So I wanted to do an “upsert” where it only created new rows if the item didn’t
already exist. sqlite-utils
also thought of this, and there’s an upsert
method.
For this to work you have to specify the primary key. For me that was
pk="id"
. Here’s what my final code looks like:
db['shopify_orders'].upsert_all(
orders,
pk="id",
alter=True
)
there’s also a command line tool
I’ve talked about using sqlite-utils
as a library so far, but there’s also a
command line tool which is really useful.
For example, this inserts the data from a plants.csv
into a plants
table:
sqlite-utils insert plants.db plants plants.csv --csv
format conversions
I haven’t tried this yet, but here’s a cool example from the help docs of how you can do format conversions, like converting a string to a float:
sqlite-utils insert plants.db plants plants.csv --csv --convert '
return {
"name": row["name"].upper(),
"latitude": float(row["latitude"]),
"longitude": float(row["longitude"]),
}'
This seems really useful for CSVs, where by default it’ll often interpret numeric data as strings if you don’t do this conversions.
metabase seems nice too
Once I had all the data in SQLite, I needed a way to draw graphs with it. I wanted some dashboards, so I ended up using Metabase, an open source business intelligence tool.

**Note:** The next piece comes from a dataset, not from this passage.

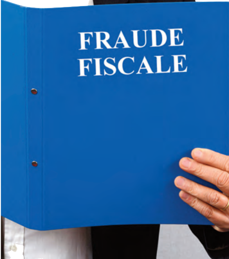
اعتبر مراقبتها في عملية التجسيد التحدي الأكبر للوكالة.. ركاش،

شبكة للتحليل الآلي للمخاطر قيد الإعداد لدى المديرية العامة للضرائب ■ الأولوية للأنشطة المشبوهة خاصة المرتبطة بالتجارة الخارجية ■ التركيز على طبيعة النشاط الممارس وأهميته ومكانته في السوق ■ الاعتماد على معيار مستوى المعيشة والثروة للمالك والمسير أو الشركاء ■ استغلال الثغرات الموجودة في السجل التجاري الرئيسي أو في السجلات الثانوية ■ استعمال نشاط "واجهة" لإخفاء النشاط الرئيسي وتحويله لمؤسسات ثانوية ■ التغيير المتكرر لمكان النشاط أو أنظمة الشركة التي قد تخفي نوايا احتيالية

I found it very straightforward and it seems like a really easy way to turn SQL queries into graphs.
This whole setup (sqlite-utils + metabase + SQL) feels a lot easier to use than my previous setup, where I had a custom Flask website that used plotly and pandas to draw graphs.
that’s all!
I was really delighted by sqlite-utils
, it was super easy to use and it did
everything I wanted.